Aim of the task
Please repeat, precisely as written, only the lines from the one containing "11月17日,项城市政协干部" through the last line of the records below, pictures omitted.

Provided entries
================================
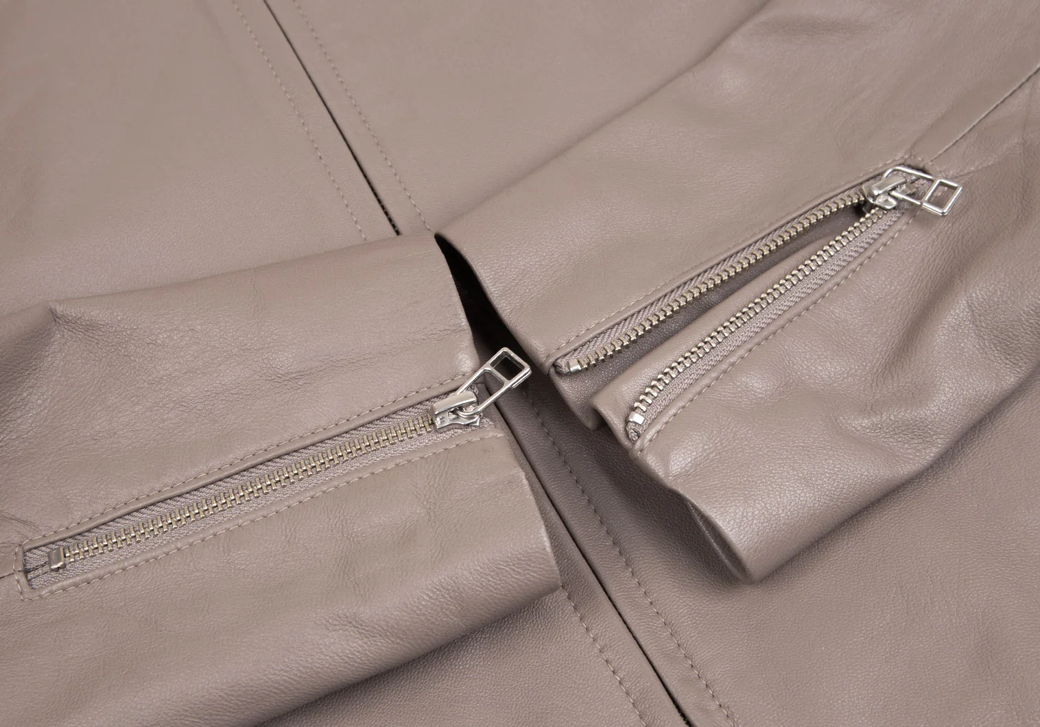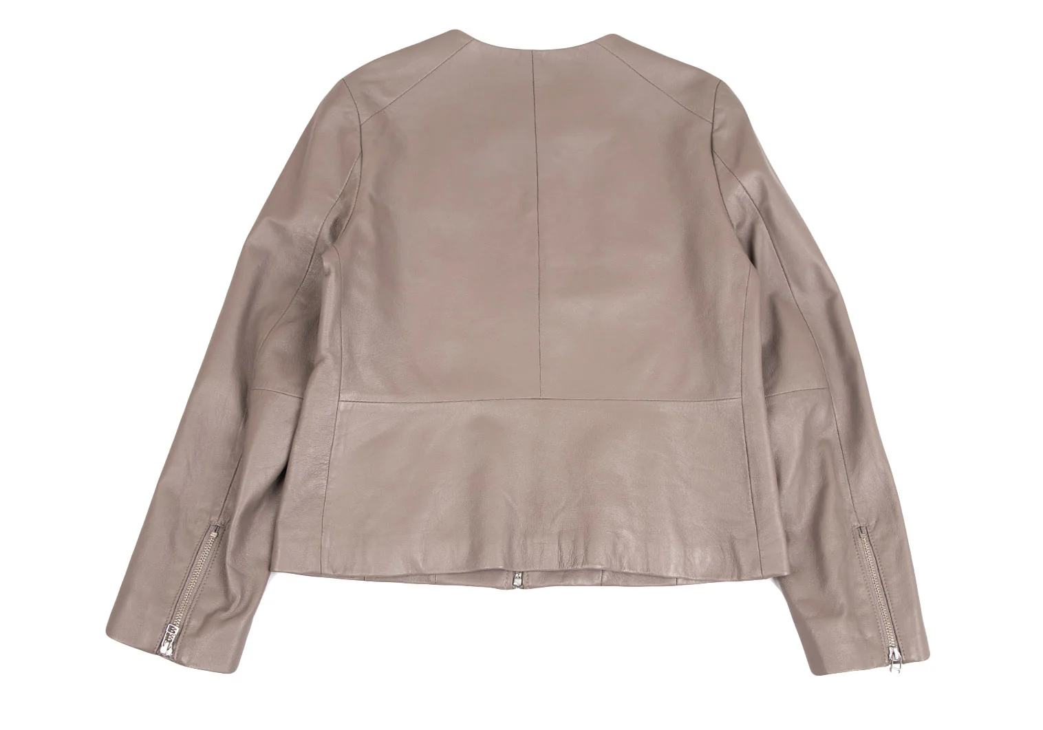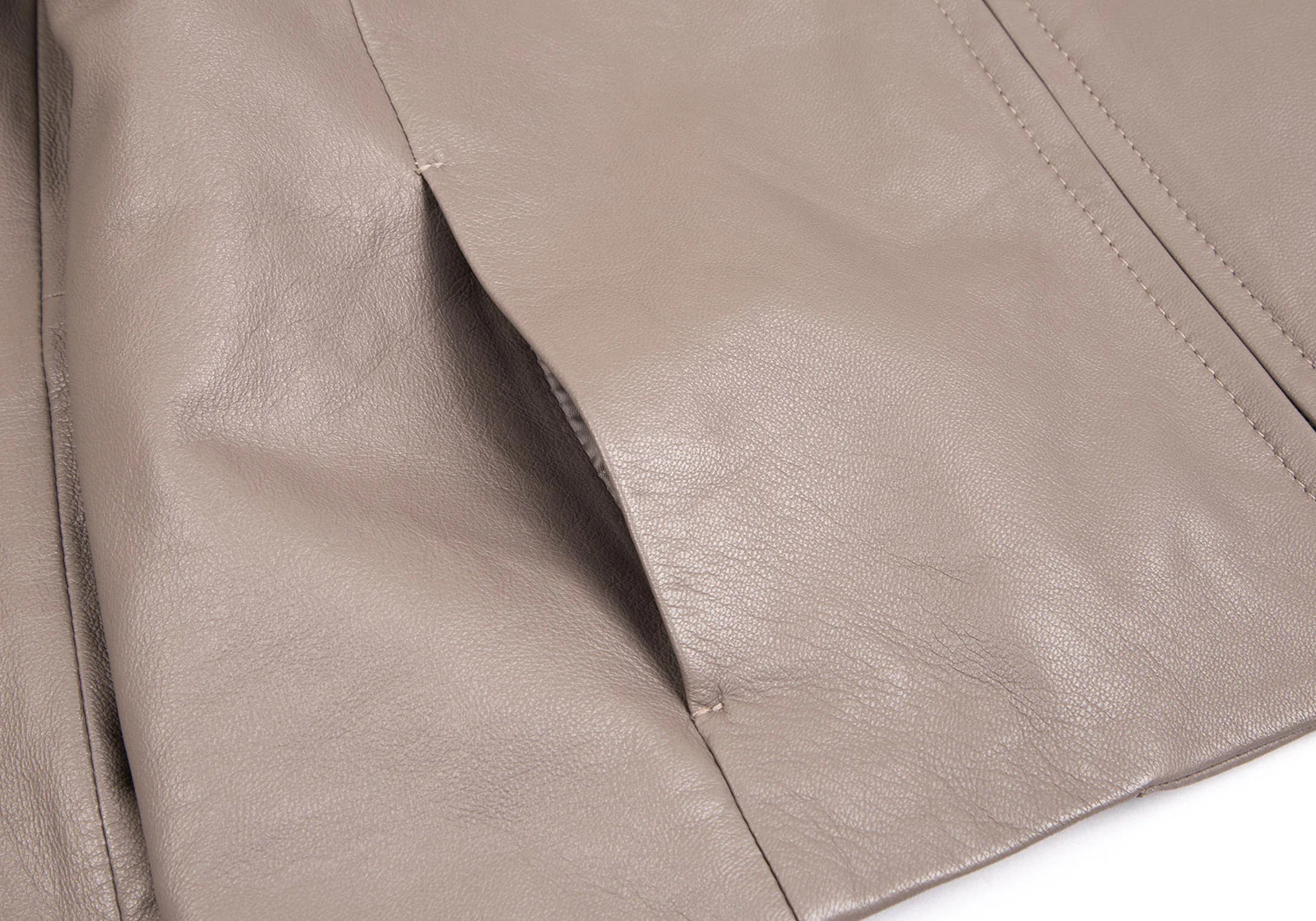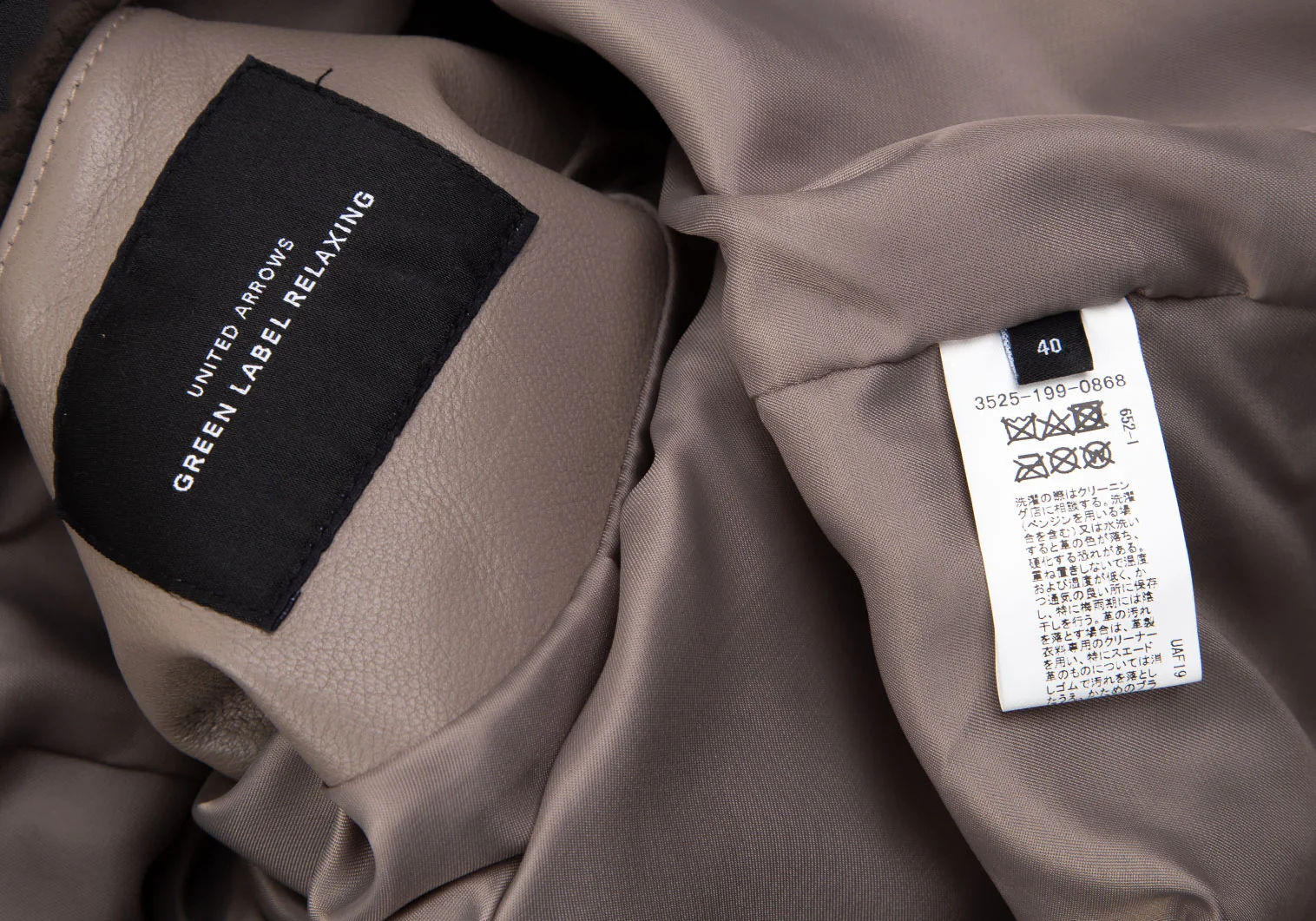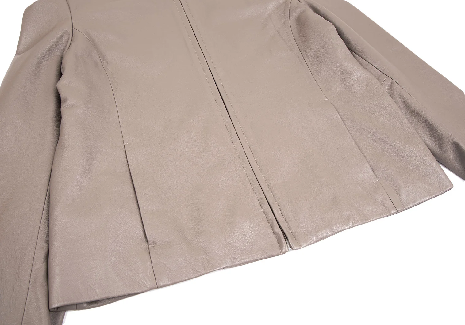 ユナイテッドアローズ グリーンレーベルリラクシングUNITED ARROWS green label relaxing ラムレザーノーカラージップブルゾン ピンクベージュ40
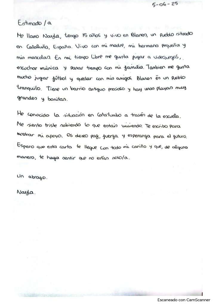 I have learned about the situation in Catatumbo through school. I feel sad knowing what you are going through. I am writing to you to show my support. I wish you peace, strength, and hope for the future.
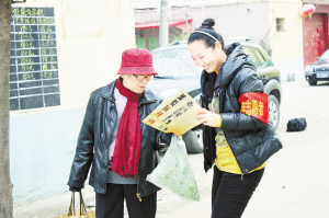 11月17日,项城市政协干部向居民宣传文明创建工作,号召大家为文明创建活动贡献力量。(张永久 摄)
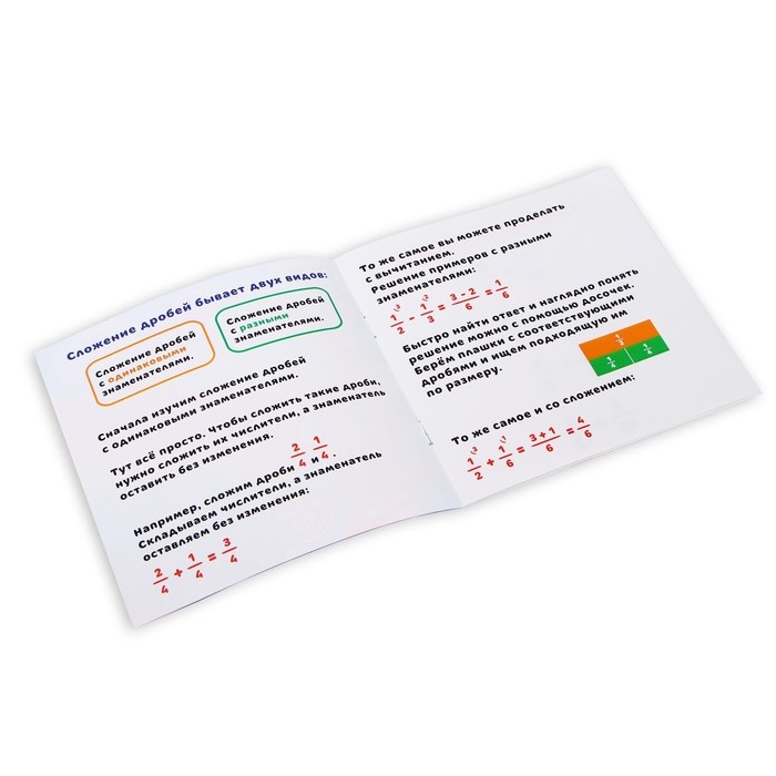 - Решайте примеры на сложение и вычитание дробей и представляйте результат с помощью досочек из набора.
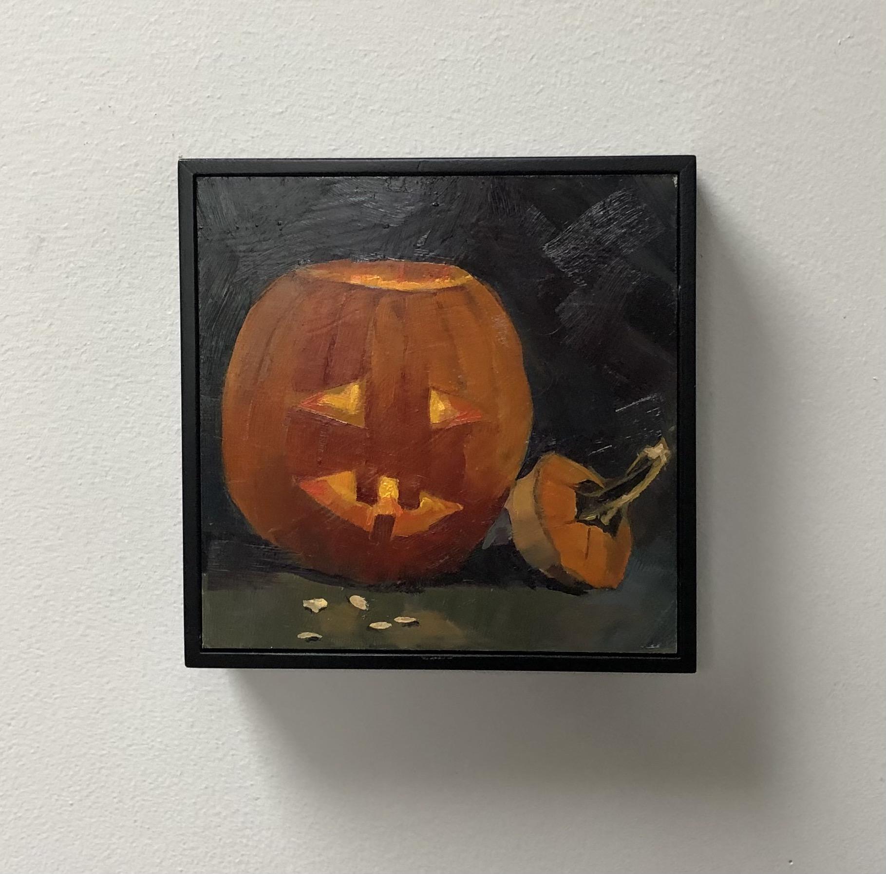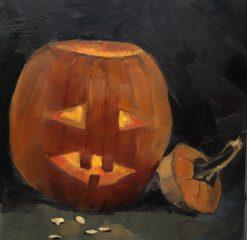 This is part three of a triptych, about this little pumpkin. The final outcome of carving a pumpkin. I didn’t give him a nose. When we were kids, I remember lighting a candle, tipping it sideways and dripping the wax into the pumpkin to have an anchor for the candle. Blow it out and stick it in the hot wax. Happy, scary, funny, creepy, pumpkin heads, they illuminate the night and welcome Trick or Treaters on Halloween.
================================
Output
 11月17日,项城市政协干部向居民宣传文明创建工作,号召大家为文明创建活动贡献力量。(张永久 摄)
 - Решайте примеры на сложение и вычитание дробей и представляйте результат с помощью досочек из набора.
 This is part three of a triptych, about this little pumpkin. The final outcome of carving a pumpkin. I didn’t give him a nose. When we were kids, I remember lighting a candle, tipping it sideways and dripping the wax into the pumpkin to have an anchor for the candle. Blow it out and stick it in the hot wax. Happy, scary, funny, creepy, pumpkin heads, they illuminate the night and welcome Trick or Treaters on Halloween.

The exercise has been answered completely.